Management of Configuration Items (CI)
A configuration item is a part of the infrastructure. It is normally the configuration of a service or a program. Some times users want to change how a service work. One need to keep track of the configurations if changes are made.
To get this down to earth we can imagine the configuration of the printer server. You want to add a new printer to the computer network and will add this to the printing system CUPS. When changing one configuration through a web application or via configuration in KDE. CUPS config file will change, and you must restart the printer server again. This can be done in KDE tools or through a web application. The modified setup file is copied to a directory where the file can be handled by a version system.
Of many different choices there are a few common ones. This is if a service should: run, stop, terminate, start, be interrupted or taken out.
One should be cautious in changing configurations without a proper plan. It is easy to forget what you have done on a server or a PC. Therefore it is important to document the changes made in a change log.
Planning and installation
The configuration of the computer network is connected to the architecture. Much of the planning is done with Debian Edu. This is because it may take both 3 and 4 weeks to set up servers with corresponding service level with Windows server, RedHat or other GNU/Linux distributions. Debian Edu takes this with 1-2 hours. If you want a fixed IP address for the network a professional uses ½ hour extra on this. This is because web services are set up with reusable names.
What then must be planned is which additional user program to use, and which subsystems should interact with Debian Edu. It may, for example. be that the school has an electronic whiteboard.
We have made a list of activities and solutions that need to be in place should you have good management of the configurations.
- Establish a version handled area for saving configurations for all servers and selected workstations and laptops. One can use the version system subversion to this. Remember to take daily backup of the area, and make sure to save all changes in configurations.
- Use an electronic system for taking care of recipes explaining configurations of different type machines, the network and services. Such recipes contributes to others who help or take over operations can read up on what is done. A wiki can be suitable for this.
- Use one specific version of the operating system and software on all machines. This is to avoid maintaining many different versions of the software. Ensure that the software is well tested. Therefore, it may be wise to wait 6-12 months before adopting latest edition of a program.
Relations to other processes
Management of configurations are closely connected with the handling of problems and if the systems are available. Experiencing too often that printing stops, it may happen a change of configuration solves the problem. It may, for example, be to establish a routine for deleting the print queue and restart the print service anew.
The aim of the changes you make in the configurations are usually to increase the availability of services or programs. It may also be to restrict access to certain programs or services to specific times. To achieve this, one must reconfigure the service. In addition, it may cost money beyond what was agreed on as service level or capacity of the system.
The examples show that the managing configurations engages a number of other areas. Therefore there is much to gain by putting in place good practices for managing changes in configurations. Also automation is advisable if you want greater stability, or access to certain services in specific periods.
Tools for configuration management
As mentioned under Check list one may use
- Saving the configuration files in a version-control system, for example subversion.
- Wiki for storing documentation of setup and wizards
- Use of a common directory for operation documentation on the Internet maintained by those central operates Debian edu in many schools.
Many ICT services are not clever in handling changes in ICT systems. Leading to many disgruntled users. Surveys in the public sector in Denmark show that operating costs go down when you have good control on the changes. Therefore, it pays to involve users with training and participation related to the changes made.

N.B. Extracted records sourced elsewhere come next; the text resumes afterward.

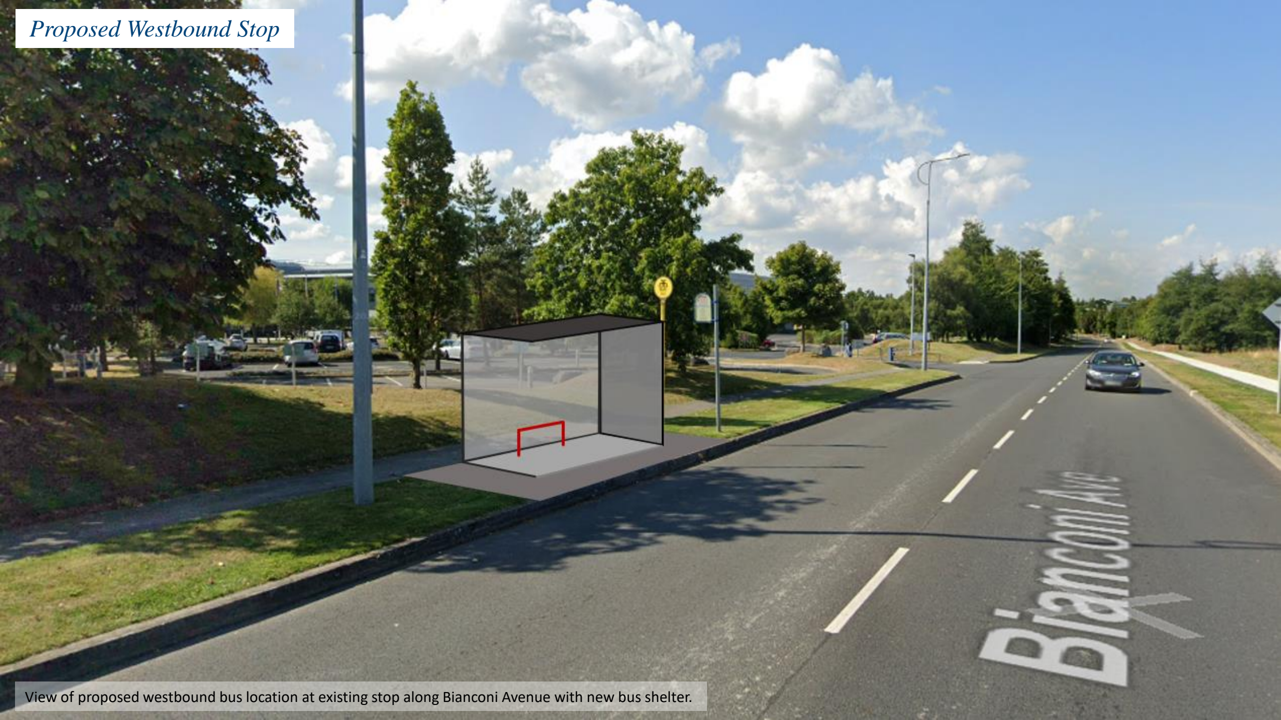
View of proposed westbound bus location at existing stop along Bianconi Avenue with new bus shelter.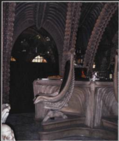
Inviting... or rather not? 8 Harkonnen chairs are standing guard at the bar

ated the famous Harkonnen chair, a piece of furniture that looked as if it were made out of skeletons but which could be used as a chair. The rest is history. On 14 April 1980, about 2 years after he had been given the order to work on a Science Fiction horror movie that was to become a worldwide success, HR Giger was granted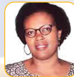
Hon. Margaret Muhanga State Minister for Health (Primary Health Care)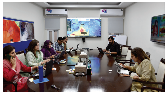
WHO staff working at the SHOC rooms at WHO Country Office Islamabad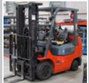
TOYOTA 4,500 Lb. Cap. Forklift

TERMS & CONDITIONS | PAYMENT: Full payment within 24 hours. Payment is Cash, Cashier's check, Certified Check, or Wire Transfer. No other forms of payments will be accepted. Full Payment Must be Made before removal of Purchase. Everything is Sold "As-Is, Where-Is". All Sales Final. Cost and Responsibility for Removal of Purchase Remains with the Purchaser. Every Effort will be Made to Facilitate Removal. While Quantities and Descriptions are Believed to be Accurate, the Auctioneer, Owners or Counsel Make no Warranties or Guarantees Either Expressed or Implied as to Authenticity, Genuineness of, or Defects in Any Lot and will not be Held Responsible for any Advertising Discrepancies or Inaccuracies. No Warranties Whatsoever are Made as to Condition Merchantability or Fitness for Use of Any Item. May we Suggest you Take Full Advantage of the Preview and Inspection Period. Sale Subject to Additions, Deletions and Prior Sales. Please Check Availability of Equipment.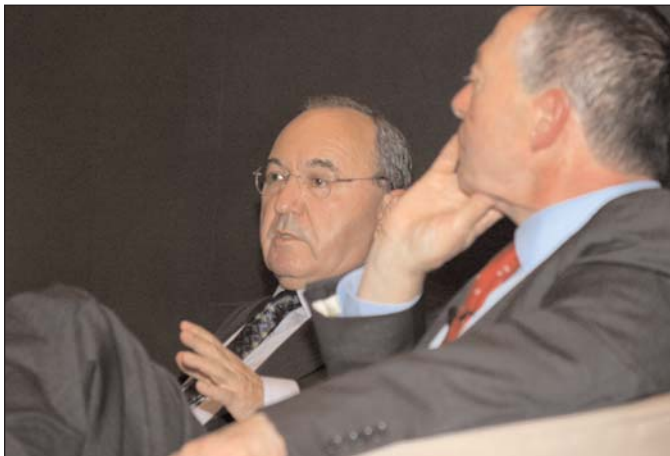
Richard Goldstone and Aryeh Neier discuss the merits and appropriateness of truth commissions.

RICHARD GOLDSTONE: Let me first say that in a perfect society, criminals should face justice and should be punished. That is the right of victims to perfect justice: proper investigations, fair procedures, and appropriate punishment of those found guilty. But when you are dealing with societies that have come through oppression, societies that have been the subject of genocide and huge crimes against humanity, it's just not possible. There are too many criminals, and there are too many victims, and there aren't enough courts to deal with them. Take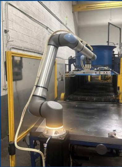
Charlie — Die Trim Cobot

CWM is embracing the future with the addition of new cobots to our production team! These high-tech helpers are working alongside our employees in die casting, CNC, and assembly, taking on repetitive and physically demanding tasks to improve efficiency and safety. By collaborating with our skilled workforce, these cobots are enhancing workflow and creating more opportunities for our team to focus on specialized tasks. Check out some pictures of our robotic coworkers — each with their own name and personality!

Changing messages is entirely dependent on proper processes. This applies regardless of whether the changes are small or big. Therefore it is important to have in place the right people when making changes, both to give training and to have people to answer questions. This becomes especially important when adopting new releases of software and services. This is independent of whether one uses free or proprietary software.
Change Management should ensure that all changes are made in a standardized and right manner. It is important to ancor the decision about amending at the appropriate level in the organization, Standard changes can often be pre-approved when they are done a few times. But major changes will often involve a higher decision level between school management and operator.
The reason why the management should be included is that an upgrade will often require training of users. It may be upgrading to a new browser or a new version of office software. This can quickly lead to a half day training in what is new in a program. Such changes must be agreed with the management. The changes must also be done without the other parts of the system stops working.
Those with responsibility for approving changes receives a so-called change message or RFC (Request For Change). When you have a RFC you can assess whether the change should be performed. Many times you have to clarify with management if optional changes should be made, and if so, when it will happen.
By changes one must also cooperate with the school's ICT responsible. One must ensure that changes occur when it fits with the schools plans. To implement significant changes without Change Management can lead to much dissatisfaction and additional inquiries to the Service Desk. This would provide significant extra work without this being planned. In addition, it may lead to a change that would soon be rolled back. You fast get twice as much work without ending anywhere else than back to start. Had one made the necessary approvals, may the change be done in a planned and straightforward manner.
Change Management is done to avoid more extra work than what's necessary. Making changes obviously requires more work, but you will get less extra work on the changes planned. One also avoids the need to roll back changes, because problems arise where users are unprepared for substantial changes.
When you for esxample update the entire system to a new version, make sure that everyone is informed. One must look into whether those affected by the change need training. The right professionals must prepare it all, so there are no surprises.
All responsibility must not land on the person responsible for managing versions of software, the release manager. Release handling is a process which preferably should work with changes that contains many minor changes. This usually happens when rolling out new systems and services, or the upgrading of the entire system to a new version.
- See change message, or RFC (Request For Change) above, and check it also has got a unique number.
- Prioritize and categorize the changes
- Remove not possible changes. Thit can be done by marking them as not possible.
- Give feedback to the one giving the change message
- Make sure you have a Change Advisory Board, where the change is dealt with, discussed and evaluated. This consulting group can be selected ICT contacts and operations personnel with long experience.
- Coordinate changes with the Release Management which handle different versions of applications and services.
- Look over and finish the changing message (RFC)
- Remember to save modified configurations in the respository for configuration files.
Even what may look like a small insignificant change message can have major consequences for if the change is implemented. We have examples of schools that have a stable Debaian Edu network where all the programs work. A test version of a popular program chrashing constantly, is installed, and Debian Edu get blamed.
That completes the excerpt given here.